METHODS: Venous blood samples were taken from 20 volunteers and processed as follows: whole blood samples, centrifuged samples, and separated plasma samples were stored at 4°C or 25°C. Insulin levels were determined by direct chemiluminescence at 0, 0.5, 1, 2, 4, and 8 hours. According to the correlation between the insulin concentration ratio and storage time, correction formulas for the insulin concentration were established. To verify the test, the venous blood samples of another 33 volunteers were processed in the same way. The insulin levels of the samples were corrected after 3, 6, 12, and 24 hours and compared with the value at 0 hours to verify the feasibility of the corrected formula.

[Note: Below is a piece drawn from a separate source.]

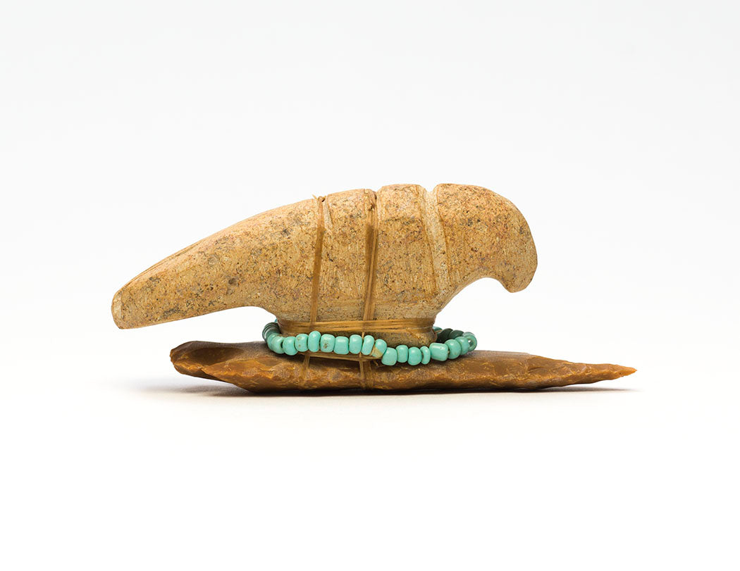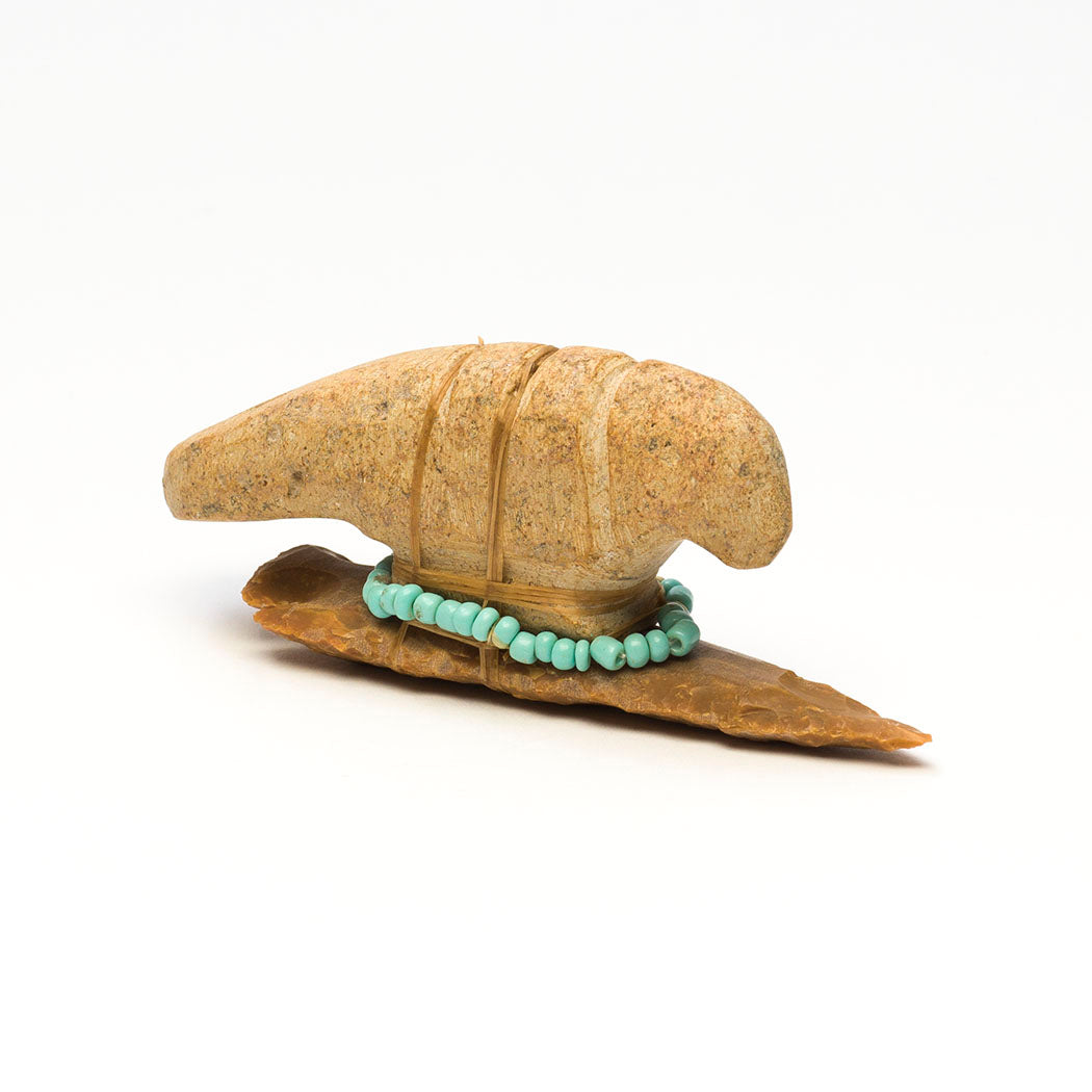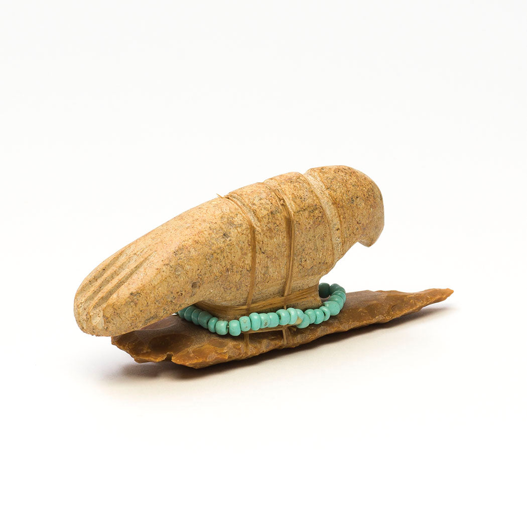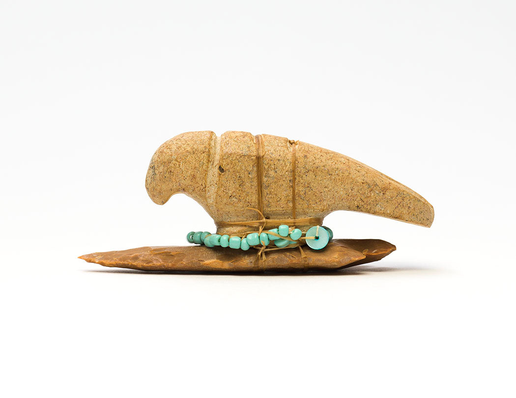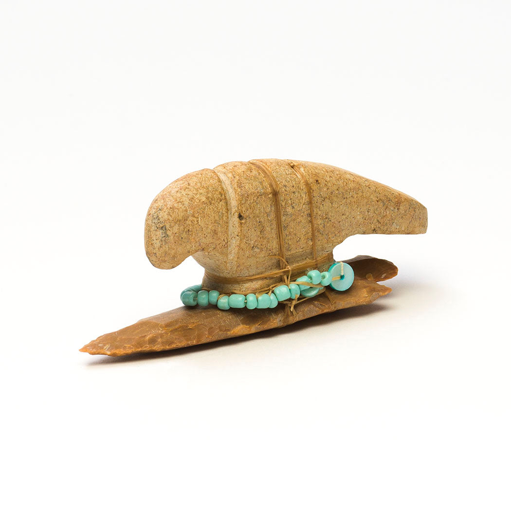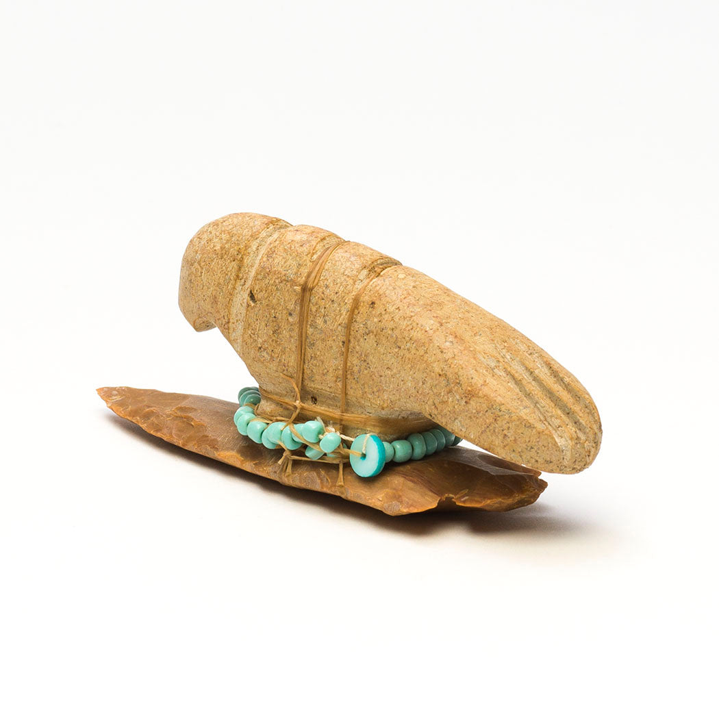 An old-style Hawk (or Eagle) summons a sense of deep connection to the cosmos, ancestors and the natural forces of Mother Earth. Essentially carved from found stone originating from the sacred lands at Cochiti Pueblo, the raptor with incised tails feathers rests on an oversized chert arrow point adorned with a scrumptious strand of seafoam green-hued turquoise beads. Artist Salvador Romero says "The stone has the animal in it. I just find it." About 4 7/8" long, 1 3/8" wide and 2" tall.
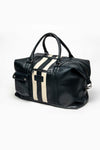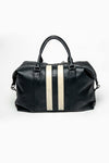 This travel bag is made from premium sheepskin leather, offering durability and elegance with its very dark blue color and distinctive white stripe down the center. The collaboration with Jacky Ickx is highlighted by a signature on the front logo, adding a touch of authenticity and prestige. The bag is equipped with a front snap pocket, a flat zippered pocket for quick access, and a secure zipper. The removable shoulder strap and large handles offer various carrying options. The interior is dressed in iconic checked fabric, ensuring interior style is as captivating as the exterior. Available in two sizes, this model has a length of 54 cm, a height of 47 cm, and a width of 24 cm.

RESULTS: With the prolongation of storage time, the insulin levels of the whole blood samples at 4°C or 25°C and of the centrifuged samples at 25°C decreased gradually (P < .001), and the insulin level correction formulas were Ccorrection  = Cdetermination /0.991e-0.069 x , Ccorrection  = Cdetermination /1.048e-0.126 x , and Ccorrection  = Cdetermination /[-0.068ln(x) + 0.9242]. There was no significant difference between the corrected insulin results and the original results at any time within 12 hours (P > .05).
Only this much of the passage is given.